▸ **What you are asked to do**: With the pictures omitted, print exactly the lines below, from the one containing "Walikota Metro memberikan" through the one containing "This elegant porcelain", and nothing else.

▸ **Provided data**:
※ ※ ※

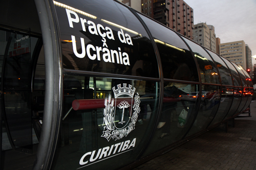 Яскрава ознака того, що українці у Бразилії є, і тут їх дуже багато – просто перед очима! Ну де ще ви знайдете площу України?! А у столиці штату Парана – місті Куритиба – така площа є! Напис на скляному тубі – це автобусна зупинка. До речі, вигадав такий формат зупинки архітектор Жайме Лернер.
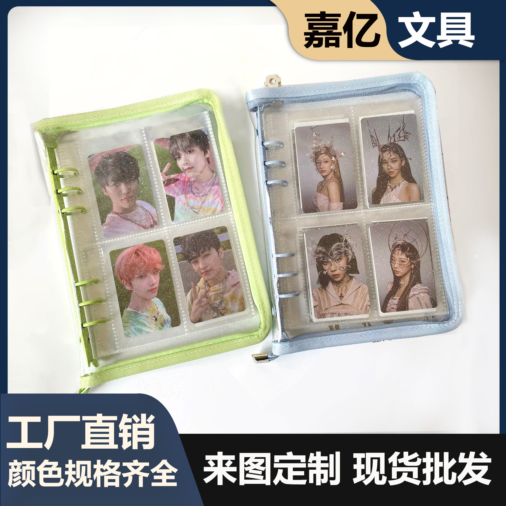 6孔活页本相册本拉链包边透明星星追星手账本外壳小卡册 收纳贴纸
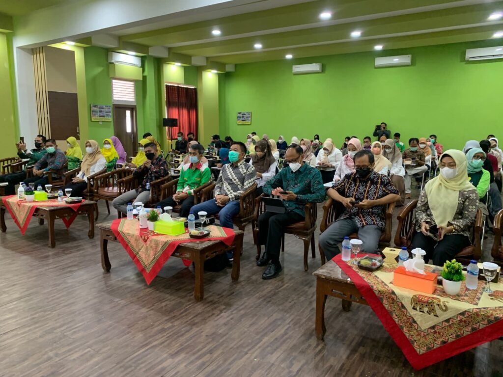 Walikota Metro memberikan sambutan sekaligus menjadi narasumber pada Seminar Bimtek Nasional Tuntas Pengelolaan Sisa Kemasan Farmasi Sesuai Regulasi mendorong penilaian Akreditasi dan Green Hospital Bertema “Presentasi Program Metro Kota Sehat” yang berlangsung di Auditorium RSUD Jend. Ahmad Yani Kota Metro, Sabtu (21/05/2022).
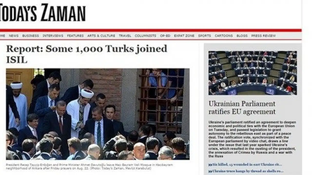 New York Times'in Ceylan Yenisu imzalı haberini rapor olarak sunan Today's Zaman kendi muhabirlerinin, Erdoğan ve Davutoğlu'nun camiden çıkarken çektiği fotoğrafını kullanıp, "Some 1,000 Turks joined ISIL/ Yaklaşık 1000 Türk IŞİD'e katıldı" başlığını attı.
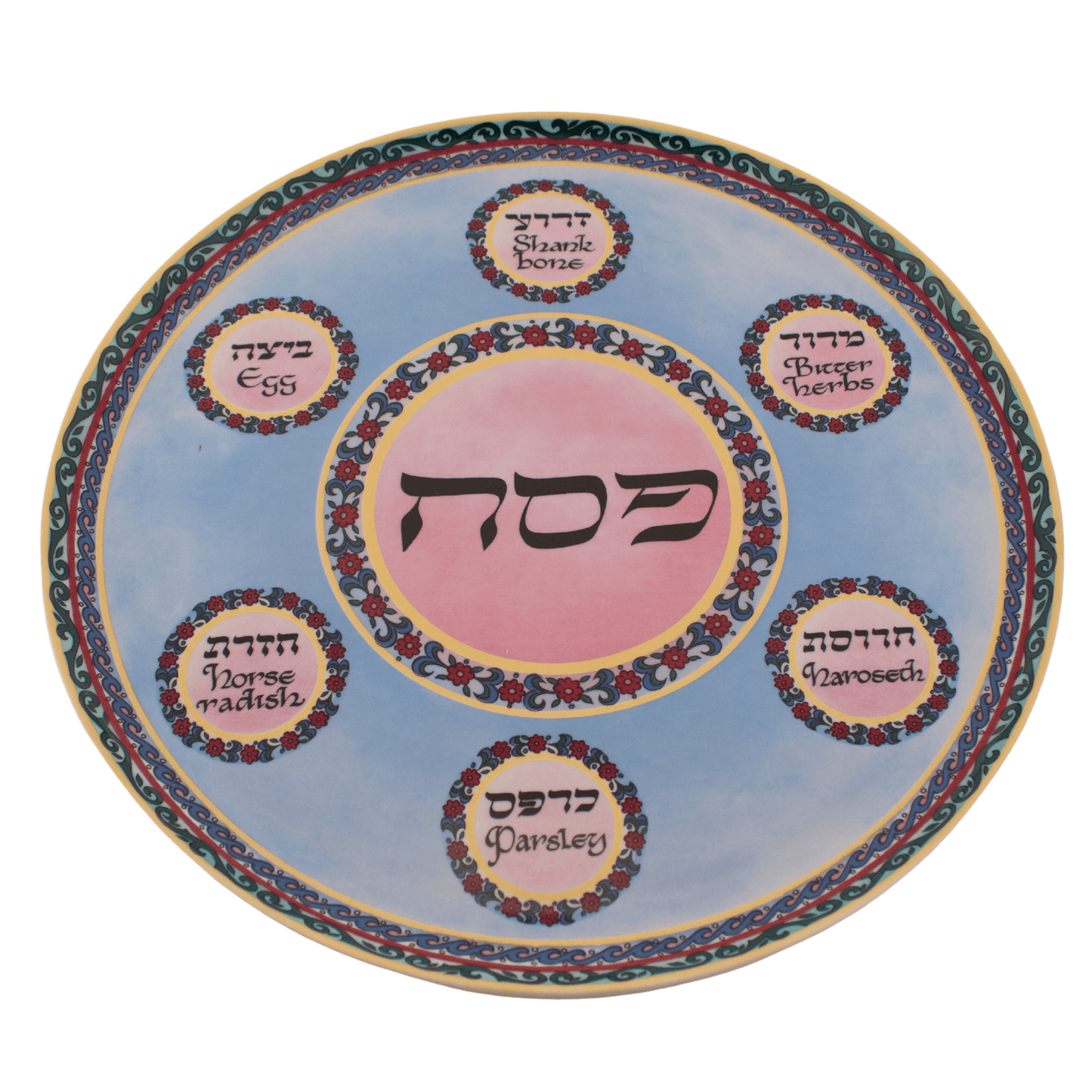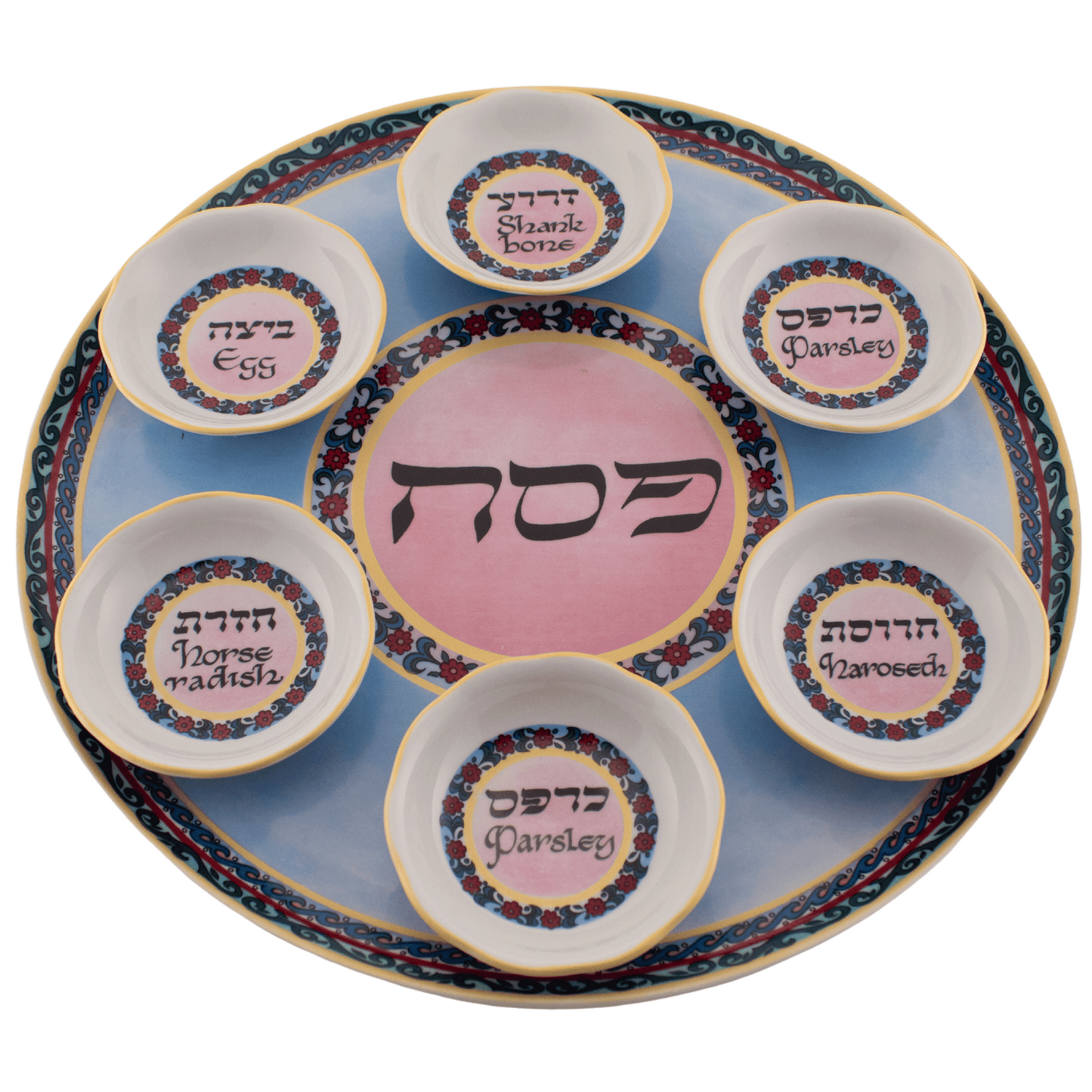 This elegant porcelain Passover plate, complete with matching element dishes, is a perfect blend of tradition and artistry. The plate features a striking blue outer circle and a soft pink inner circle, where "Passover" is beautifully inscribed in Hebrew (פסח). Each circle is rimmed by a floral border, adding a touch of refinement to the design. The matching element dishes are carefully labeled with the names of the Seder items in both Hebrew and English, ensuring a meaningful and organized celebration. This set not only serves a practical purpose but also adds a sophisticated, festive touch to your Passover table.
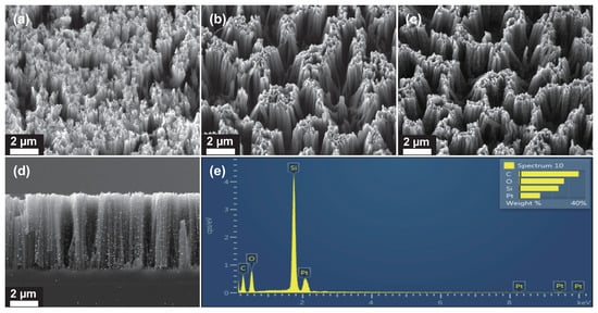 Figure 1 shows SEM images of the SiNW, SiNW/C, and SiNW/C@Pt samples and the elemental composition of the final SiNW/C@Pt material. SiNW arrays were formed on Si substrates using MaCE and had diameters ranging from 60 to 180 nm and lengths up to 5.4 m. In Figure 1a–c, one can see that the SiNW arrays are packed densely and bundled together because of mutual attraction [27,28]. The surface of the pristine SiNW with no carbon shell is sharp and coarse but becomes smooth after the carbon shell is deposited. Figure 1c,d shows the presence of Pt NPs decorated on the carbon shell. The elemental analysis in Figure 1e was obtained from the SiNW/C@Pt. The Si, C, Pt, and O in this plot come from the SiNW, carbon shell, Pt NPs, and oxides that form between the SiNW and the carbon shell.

※ ※ ※

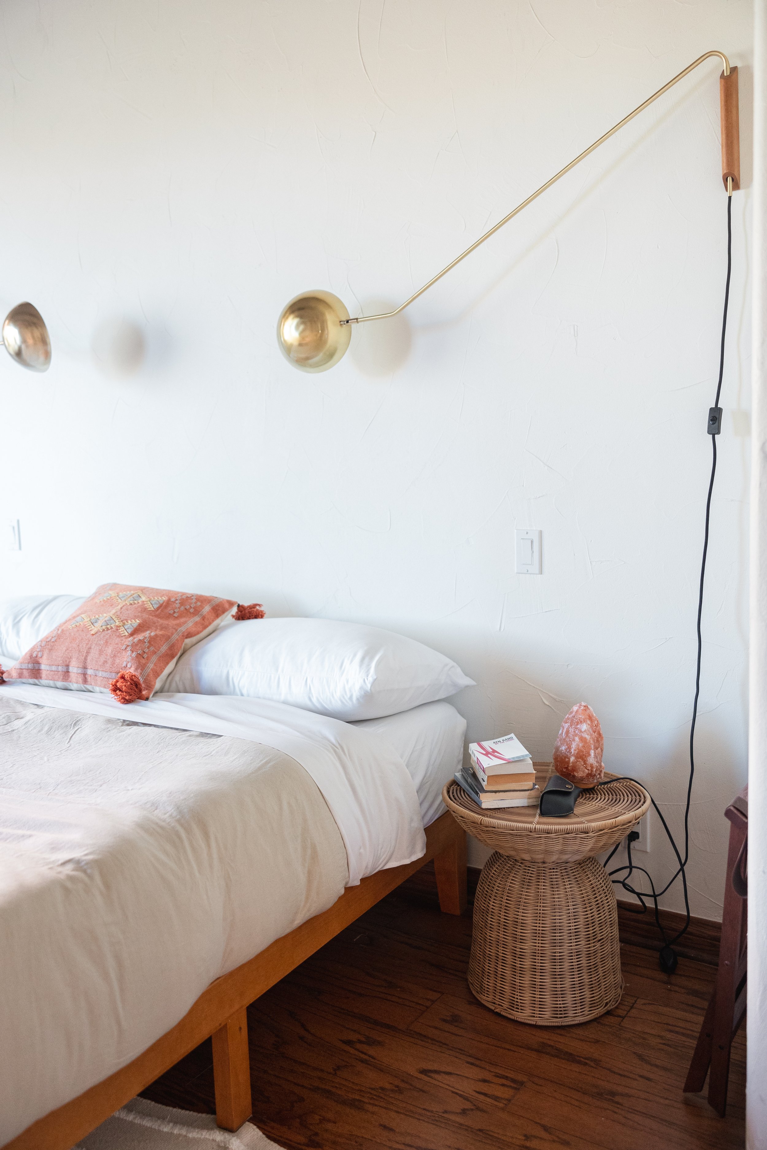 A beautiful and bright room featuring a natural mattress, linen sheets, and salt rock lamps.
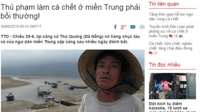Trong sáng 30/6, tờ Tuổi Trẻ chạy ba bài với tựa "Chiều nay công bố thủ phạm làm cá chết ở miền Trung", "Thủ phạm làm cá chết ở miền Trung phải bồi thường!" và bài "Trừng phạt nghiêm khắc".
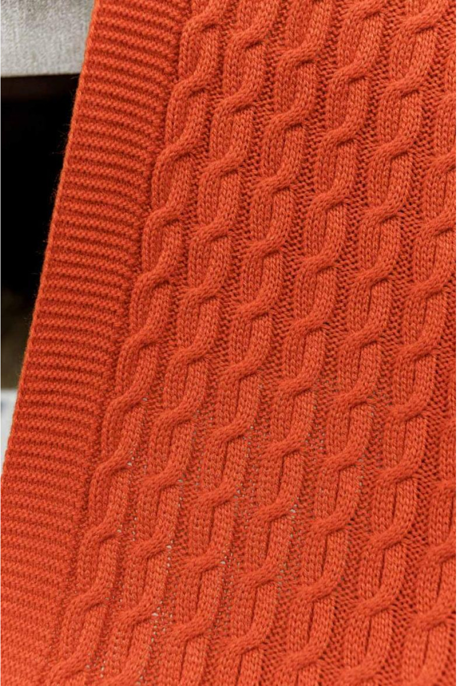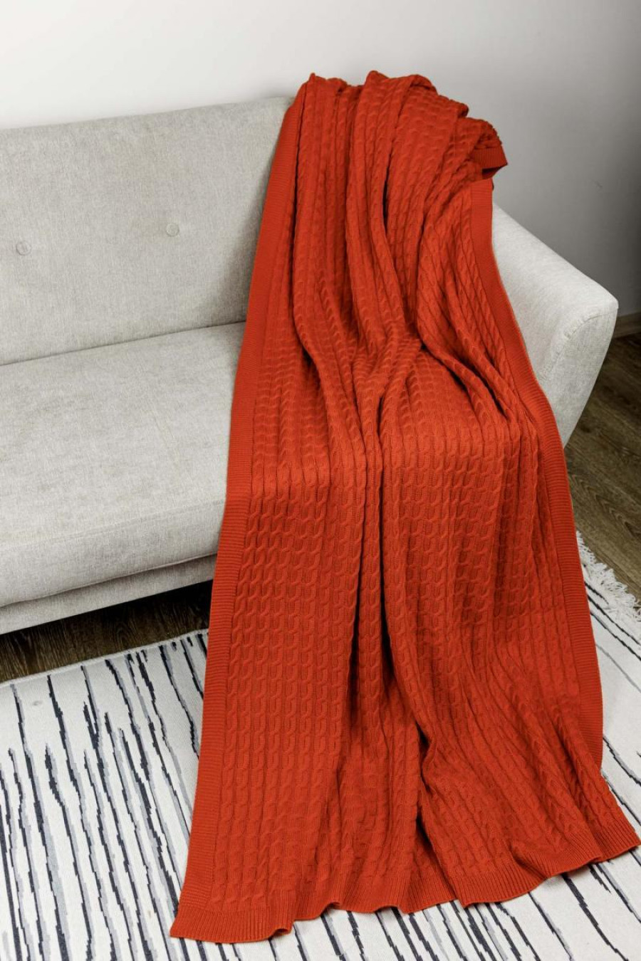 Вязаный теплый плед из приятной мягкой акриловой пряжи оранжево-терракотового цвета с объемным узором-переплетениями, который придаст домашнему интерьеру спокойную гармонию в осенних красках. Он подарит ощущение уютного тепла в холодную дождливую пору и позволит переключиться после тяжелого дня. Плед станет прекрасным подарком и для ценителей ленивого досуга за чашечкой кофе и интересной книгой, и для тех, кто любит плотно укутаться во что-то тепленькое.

※ ※ ※

▸ **Result**:
 Walikota Metro memberikan sambutan sekaligus menjadi narasumber pada Seminar Bimtek Nasional Tuntas Pengelolaan Sisa Kemasan Farmasi Sesuai Regulasi mendorong penilaian Akreditasi dan Green Hospital Bertema “Presentasi Program Metro Kota Sehat” yang berlangsung di Auditorium RSUD Jend. Ahmad Yani Kota Metro, Sabtu (21/05/2022).
 New York Times'in Ceylan Yenisu imzalı haberini rapor olarak sunan Today's Zaman kendi muhabirlerinin, Erdoğan ve Davutoğlu'nun camiden çıkarken çektiği fotoğrafını kullanıp, "Some 1,000 Turks joined ISIL/ Yaklaşık 1000 Türk IŞİD'e katıldı" başlığını attı.
 This elegant porcelain Passover plate, complete with matching element dishes, is a perfect blend of tradition and artistry. The plate features a striking blue outer circle and a soft pink inner circle, where "Passover" is beautifully inscribed in Hebrew (פסח). Each circle is rimmed by a floral border, adding a touch of refinement to the design. The matching element dishes are carefully labeled with the names of the Seder items in both Hebrew and English, ensuring a meaningful and organized celebration. This set not only serves a practical purpose but also adds a sophisticated, festive touch to your Passover table.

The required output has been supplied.